--- What you are asked to do ---
The material below holds the lines to copy: from the one with "Beige leren sneakers" up to and including the one with "快船vs公牛伤病报告:莱昂纳德可出战 鲍威尔因伤缺阵". Copy them exactly and skip the pictures.
Start of Material for this exercise
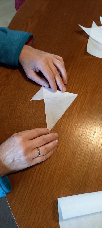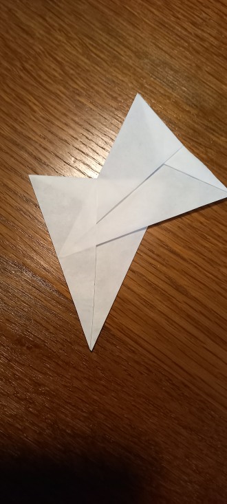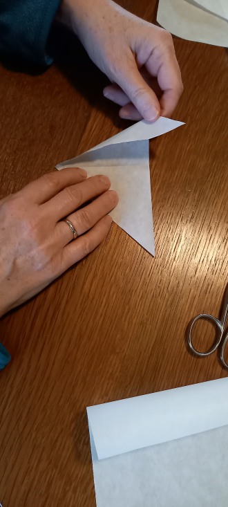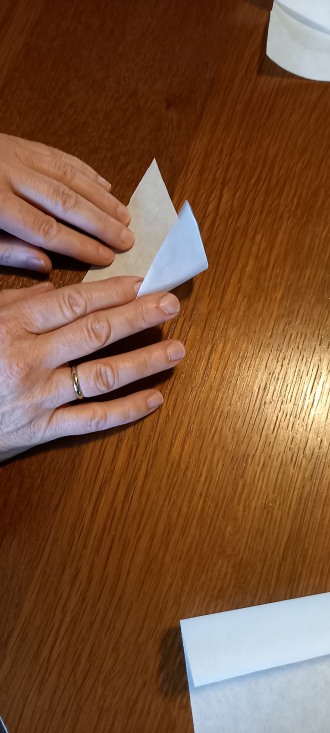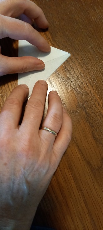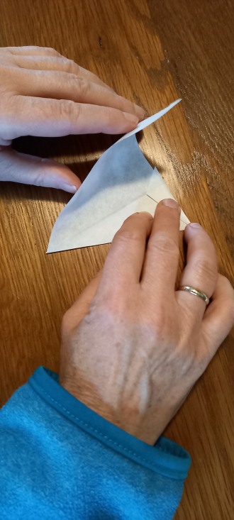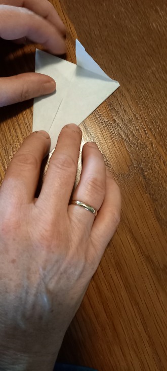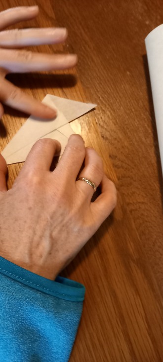 Jetzt die rechte lange Kante an die Mitte anlegen und falten,
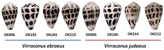 The closely related cone snails Virroconus ebraeus and Virroconus judaeus are considered cryptic species showing shells very similar in color and patterns, which are very difficult to tell apart (Figure 1). Both species can be found commonly living in sympatry in intertidal rocky habitats of the Indo-Pacific region. The species V. ebraeus is widely distributed in tropical waters from the east coast of Africa to the west coast of Central America, except the Red Sea []. Little is known about the range of distribution of V. judaeus, although it is considered to have a narrower distribution, comprising the Indian Ocean and the western Pacific Ocean. Although V. judaeus was originally described based on radular differences [], it was not until few years ago that this species could be unequivocally differentiated from V. ebraeus using mitochondrial gene sequences []. More recently, phylogenetic relationships within Virroconus were analyzed based on mitochondrial and nuclear loci []. The mitochondrial phylogeny recovered V. judaeus as sister to Virroconus coronatus (which has very distinct shell color and pattern), whereas V. ebraeus was sister to Virroconus chaldeus []. Instead, the nuclear markers recovered V. ebraeus and V. judaeus as sister species and thus supported their similarities in shell morphology. The tree discordances and further statistical tests supported a past event of mitochondrial genome introgression caused by hybridization between the ancestors of V. judaeus and V. coronatus [].
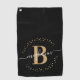 Girly, modern, trendy, elegant, black and gold monogram initial name script custom personalised monogrammed golf towel. Featuring a monogram initial and a girly name script in a hand lettered calligraphy swash tail font and dotted circle frame around your monogram. Great feminine girly gift for mother, birthday, sister, wedding, bridal shower, sweet 16 birthday party and baby shower and for anyone who loves pretty modern style thing.
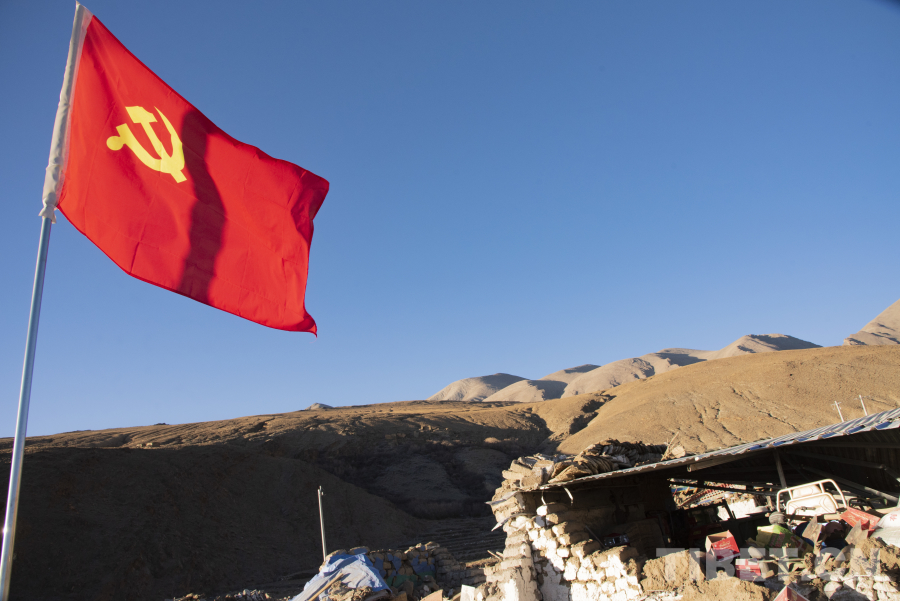 圖為懸掛在古榮村救災(zāi)一線的黨旗 攝影:趙振宇
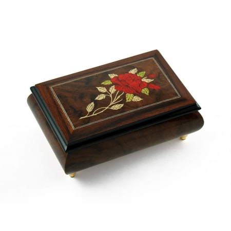This breath taking hand crafted musical jewelry box is a stunning addition to our extensive Italian floral themed boxes. The break taking design displays a elegant single red rose inlay against the natural warm tones of the natural burl elm. The flower is gently placed inside a dark rosewood border .<br><br>Inside you'll find an open compartment and ring roll for your precious keepsakes. Everything is harmoniously pieced together by the wonderful sound omitting from the traditional mechanical movement mounted inside. <br><br>This item can be fitted with higher note options. Please refer to the individual item listing for pricing. <br><br>With over 380+ tunes available, your sure to find that perfect melody. Please see "item options" for available tunes or visit our "listening station" for all song titles as well as sample clips. <br><br>Thank you very much for your interest in our products! Your satisfaction is always guaranteed at the Attic!<br><br>Dimensions: <br><br>Length - 6.5" Width - 4.5" Depth (Height) - 2.75"
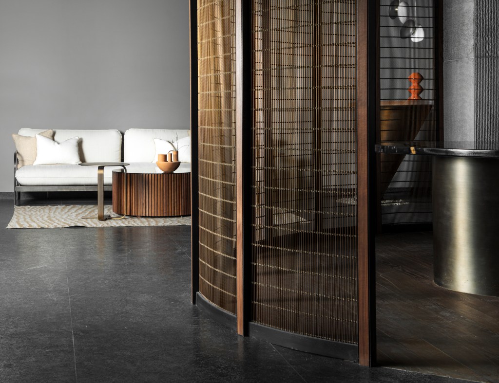 The flooring plays a vital role in creating layers of perceived division inside the unencumbered space. The rough grain textures of the Indian Basalt Stone flooring meets and contrasts the Wooden flooring, flowing into the dining space from the terrace. A delicate and tactile screen, made using a woven metal mesh and wooden inlays, runs across a curvature, diffusing the junction while layering the volumes. Within the curvature lies a dine-in, furnished with black marble and brass accents, crafting a space that feels intimate, yet in abundance.
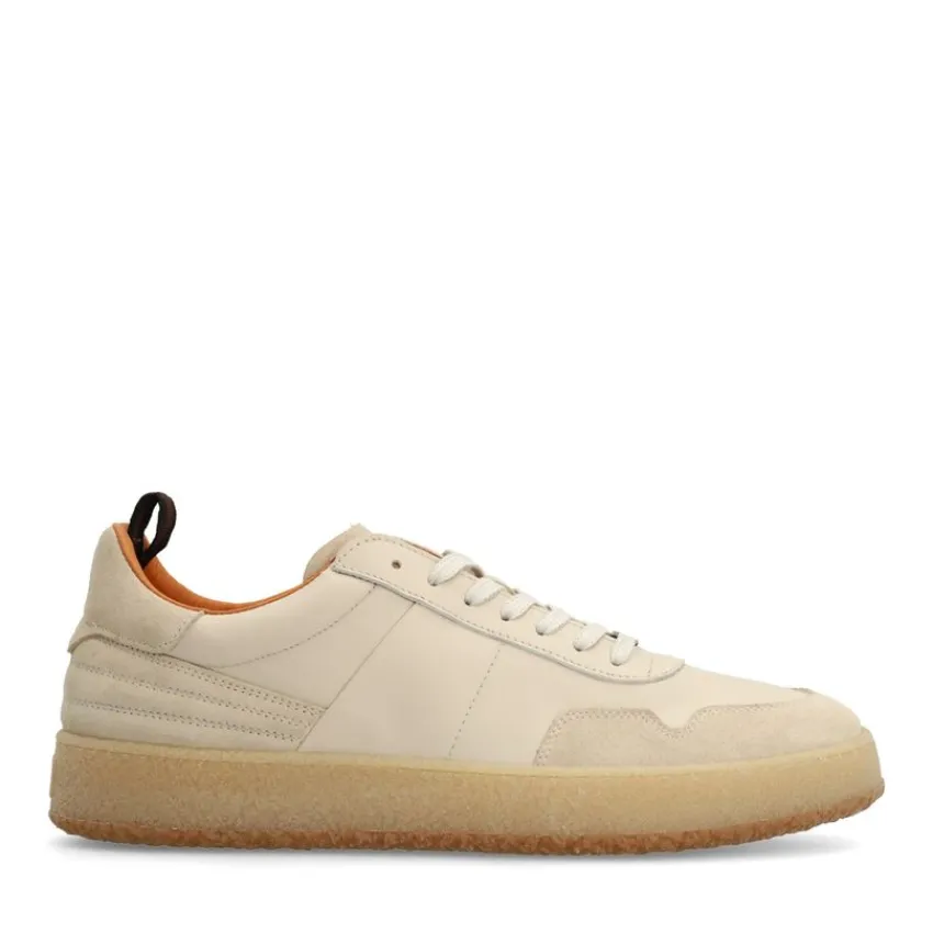 Beige leren sneakers met suède details van Manfield. De sneakers hebben een rubberen zool van 3 cm en we adviseren als bescherming en verzorging de Collonil Carbon pro.
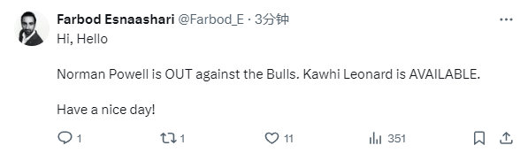 快船vs公牛伤病报告:莱昂纳德可出战 鲍威尔因伤缺阵
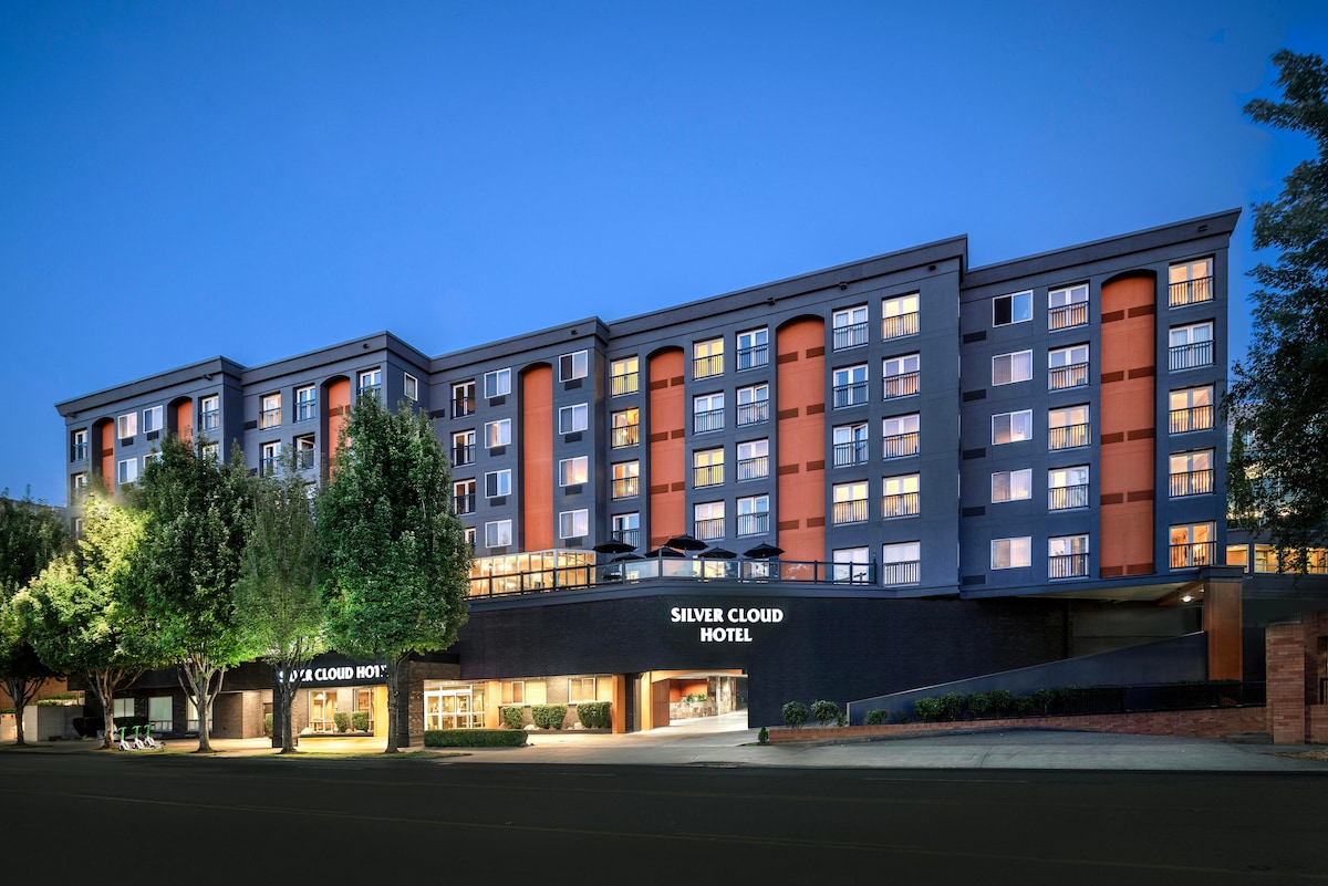 A solo unos pasos del mercado de Pike Place y escondido entre los mejores bocados de Belltown y el bullicio del centro, Kimpton Palladian se siente más como un elegante apartamento de la ciudad que como un hotel. Toma cócteles en el bar de mal humor, cena en el restaurante del hotel o escabúllete a hacer ejercicio en el gimnasio antes de que la ciudad se despierte. Con un diseño atrevido, una hora de vino todos los días y un ambiente más local que el vestíbulo, es el tipo de estancia a la que querrás volver: se admiten mascotas.
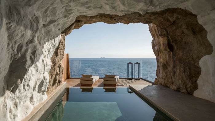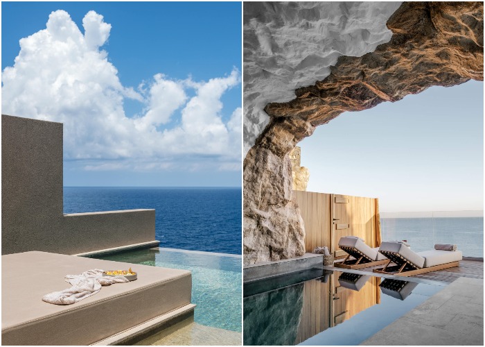 С помощью бетона удалось повторить фактуру скалистого берега, благодаря чему архитектурный объект стал естественным продолжением природного ландшафта (Acro Suites, остров Крит). | Фото: thespaces.com.
End of Material for this exercise
--- Task response ---
 Beige leren sneakers met suède details van Manfield. De sneakers hebben een rubberen zool van 3 cm en we adviseren als bescherming en verzorging de Collonil Carbon pro.
 快船vs公牛伤病报告:莱昂纳德可出战 鲍威尔因伤缺阵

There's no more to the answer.